The rule laid down in the 114 Louisiana case, supra, to the effect that the pleader is entitled to have his pleadings construed as a whole, is the law yet; but the case is not in point.
. The rule recognized in the other cases was correct, of course, under the law as it then existed. But these decisions were rendered long previous to the passage of the pleadings and practice act. That act did away with the old rule of “pleading the general issue,” and provided that the defendant, in answer, must admit or deny specifically each material allegation of fact contained in plaintiff’s petition.
It is true that in defendant’s answer relating to the allegations of fact set out in the petition there i§ denial; but it is denial only “for the purpose of placing said allegation at issue.”
The act provides that the denial by the defendant in such case may be based upon lack of sufficient information to justify a belief in regard to the allegation in question; but a reading of the entire article and defendant’s answer, as to the allegation of fact, will disclose that he does not base his denial upon lack of sufficient information, but only for the purpose of putting the allegations at issue. With reference to lack of sufficient information, he says:
“* * for want of proper and sufficient information, defendant cannot admit or deny this allegation.”
There is, therefore, no denial of the allegation on account of lack of sufficient information.
The act in plain terms provides that the defendant must deny specifically the allegations of fact contained in the petition, but allows him to deny them
“* * * for lack of sufficient information.”

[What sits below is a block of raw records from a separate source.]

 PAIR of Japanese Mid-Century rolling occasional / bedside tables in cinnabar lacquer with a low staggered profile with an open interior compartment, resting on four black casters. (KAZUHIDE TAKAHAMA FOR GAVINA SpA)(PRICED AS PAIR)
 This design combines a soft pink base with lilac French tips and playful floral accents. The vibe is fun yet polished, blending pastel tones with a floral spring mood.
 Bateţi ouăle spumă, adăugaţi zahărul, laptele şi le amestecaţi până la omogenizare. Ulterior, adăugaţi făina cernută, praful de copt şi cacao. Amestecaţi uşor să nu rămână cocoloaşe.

If defendant had denied these allegations for lack of sufficient information, he would have complied with the letter of the law; but he did not do that. He alleged that on account of lack of information he could neither admit nor deny them. Clearly there is no denial in that.
These material allegations of fact not having .been denied, are, under the act, deemed to be admitted.

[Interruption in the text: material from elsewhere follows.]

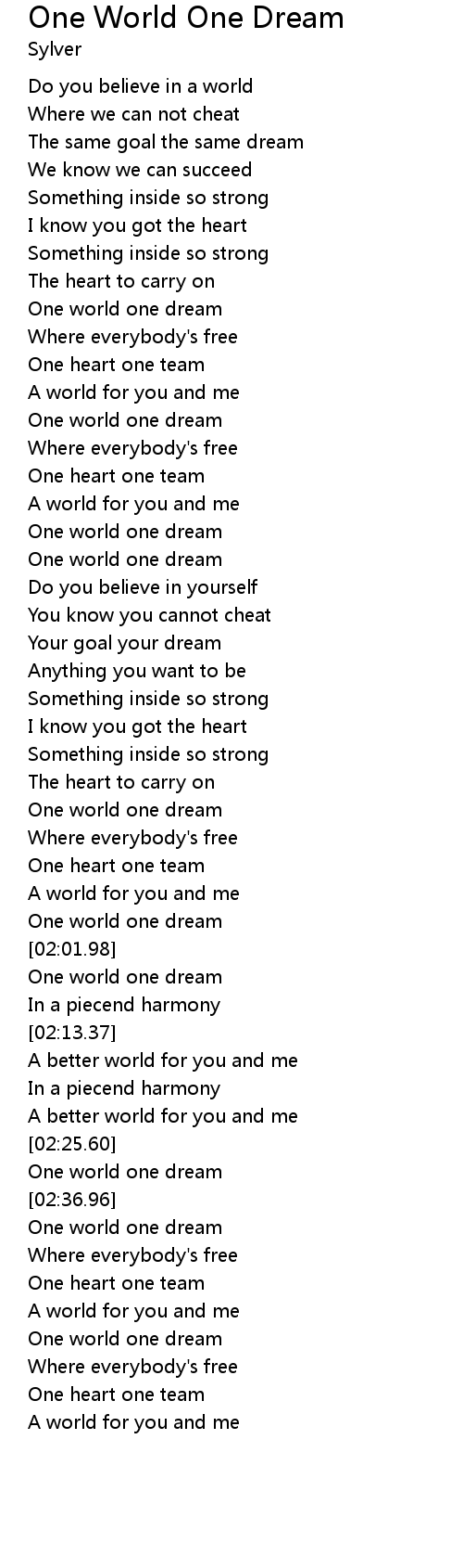 | [02:37.67] | One world one dream |

Under the act, the defendant may as well have filed an answer admitting separately all the allegations of fact in plaintiff’s petition.
Following the statement in the answer that he neither admits nor denies the allegations of the petition, he says:
“* * * and for the purpose of placing said allegations at issue denies same.”
But the defendant is not permitted by the act to deny an allegation of fact merely for the purpose of putting it at issue. That would be equivalent to pleading the general issue, and would thwart the very purpose of the pleading and practice act, which was to simplify trial by narrowing the issues.
When a defendant is called into court to answer a demand, he either does or does not know whether the allegations with which he is confronted are true. If he knows they are true, he is called upon to admit them; if he knows they are not true, he should 'deny them; and if he does not know whether they are true or not, the act permits him to deny them for lack of information. But he is not permitted to deny them merely and solely for the purpose of putting them at issue.
The defendant not having denied the allegations of fact in plaintiff’s petition, they *683are deemed to be admitted, and tbe court was warranted under section 4 of Act No. 300 of 1914 to render judgment on the pleadings in favor of the plaintiff.
For the reasons assigned, it is therefore ordered, adjudged and decreed that the judgment appealed from be affirmed with costs.